# Data for review:
=== Section Start ===
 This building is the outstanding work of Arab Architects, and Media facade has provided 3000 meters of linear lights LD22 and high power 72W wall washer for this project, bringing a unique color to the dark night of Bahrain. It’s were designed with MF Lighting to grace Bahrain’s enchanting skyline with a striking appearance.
=== Section End ===
=== Section Start ===
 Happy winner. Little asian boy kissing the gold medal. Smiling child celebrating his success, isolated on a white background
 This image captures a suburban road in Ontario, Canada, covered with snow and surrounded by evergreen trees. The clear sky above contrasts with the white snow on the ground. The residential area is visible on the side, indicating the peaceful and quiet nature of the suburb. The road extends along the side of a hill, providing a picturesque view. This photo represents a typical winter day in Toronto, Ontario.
=== Section End ===
=== Section Start ===
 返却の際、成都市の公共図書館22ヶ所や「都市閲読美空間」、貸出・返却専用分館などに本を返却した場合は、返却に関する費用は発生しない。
=== Section End ===
# Requirement:
The expected answer is an exact copy of the lines above, beginning at the line with "Happy winner. Little" and ending at the line with "This image captures", with both ends in.

# Reply to the exercise:
 Happy winner. Little asian boy kissing the gold medal. Smiling child celebrating his success, isolated on a white background
 This image captures a suburban road in Ontario, Canada, covered with snow and surrounded by evergreen trees. The clear sky above contrasts with the white snow on the ground. The residential area is visible on the side, indicating the peaceful and quiet nature of the suburb. The road extends along the side of a hill, providing a picturesque view. This photo represents a typical winter day in Toronto, Ontario.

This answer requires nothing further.